87 L. Ed. 1286, 63 S. Ct. 902, 102 (1943). NVST had no original cost, because,

as a matter of federal tax law, it never acquired the plant.

The fact that the plant may have been worth more than $525,000 in 1969 is

relevant, however, to whether Milbrew's rental deductions were excessive, for 26

U.S.C. @ 162(a)(3) entitles Milbrew to a reasonable rental deduction whether

NVST or Northland owned the plant. But obviously, in light of all we have said,

the amount of rent that Milbrew agreed to pay NVST is no evidence of what a

reasonable rent for the plant would have been. We have to imagine what rent

Milbrew would have agreed in an arm's length transaction to pay. The higher the

fair market value of the plant the greater that rent would have been. But the

Service was sufficiently generous in its adjustments in allowing Milbrew a

$150,000 deduction for rent in 1973, implying that the fair market value of

the plant that year was about $1 million, a reasonable estimate. For 1972 the

Service allowed a smaller deduction -- $120,000, implying a fair market value of

about $850,000, but this was still reasonable. (The previous year's rental

deductions are not in issue in this appeal.) The higher rentals charged Milbrew

by NVST in these years not only were unrealistic in relation to the fair rental

value of the plant but exceeded Milbrew's ability to pay on a cash basis, and

were properly disallowed. See Southeastern Canteen Co. v. Commissioner, 410

F.2d 615, 619 (6th Cir. 1969); Baldwin Bros., Inc. v. Commissioner, 361 F.2d 668

(3d Cir. 1966); S & S Meats, Inc. v. Commissioner, 38 T.C.M. (CCH) 36,036

(1979).

The taxpayers' remaining arguments are procedural. The Tax Court judge

before whom the case was tried retired after the trial but before rendering his

opinion. The taxpayers agreed that the case could be reassigned to another

judge for decision on the record compiled before the first judge, and this was

done. Having been willing to take their chances before the second judge they

cannot complain because he decided the case against them. The first judge had

made comments during the course of the trial that were very favorable to the

taxpayers. The taxpayers were confident that his successor would be influenced

by those comments and would decide for them. They were disappointed. Of course

if he had decided for them they would be defending vigorously the procedure that

was adopted. By consenting to the procedure they waived any objection.
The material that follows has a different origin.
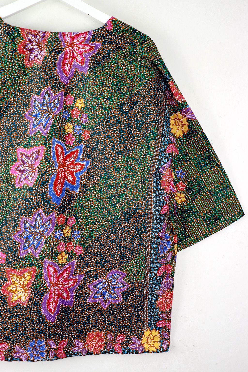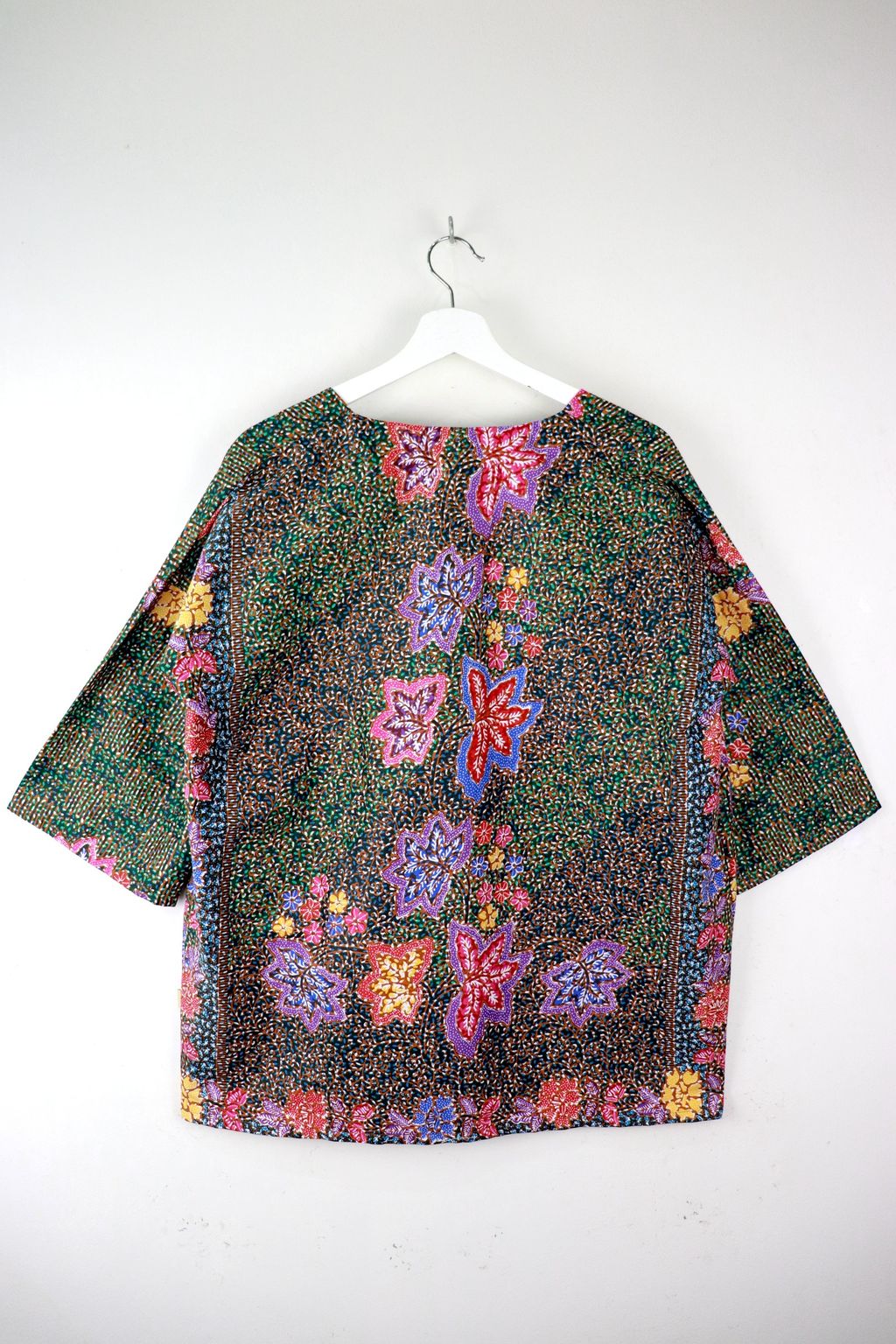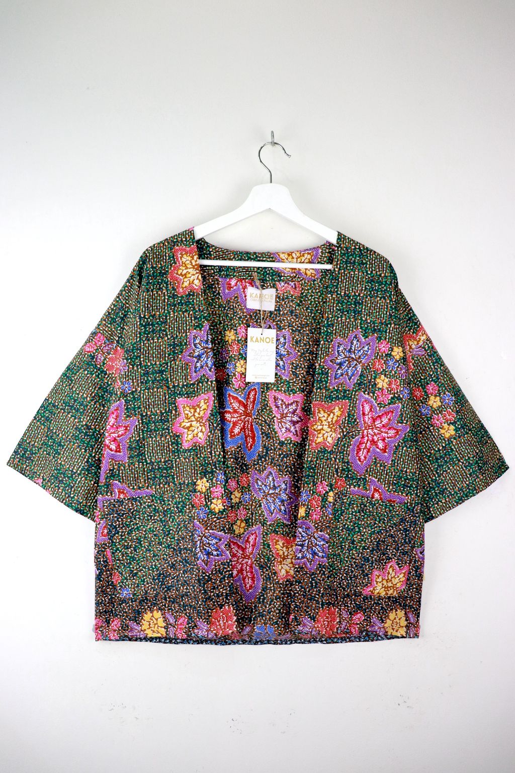 When we are stuck at home wearing a basic spaghetti strap top at home and the door bell rings, throw on this kimono before heading out to collect that parcel. Or if your boss calls you last minute for a zoom call. Throw on this batik kimono!

Last, aware of our probable unwillingness to consider evidence that was not

before the Tax Court the taxpayers ask that we order that court to give them a

new trial on the basis of newly discovered evidence, namely the 1983 letter of

intent to buy NVST's assets, including the Juneau plant, for $8.7 million. It

would have to be an extraordinary case to warrant our ordering the Tax Court to

set aside its decision and receive new evidence. Normally we would go ahead and

decide the case and leave it to the Tax Court to decide afterward whether to

reopen it. In any event, as we explained earlier, the newly discovered evidence

has little probative value and cannot justify the extraordinary procedural

relief that the taxpayers are asking from us.

The judgment of the Tax Court is AFFIRMED.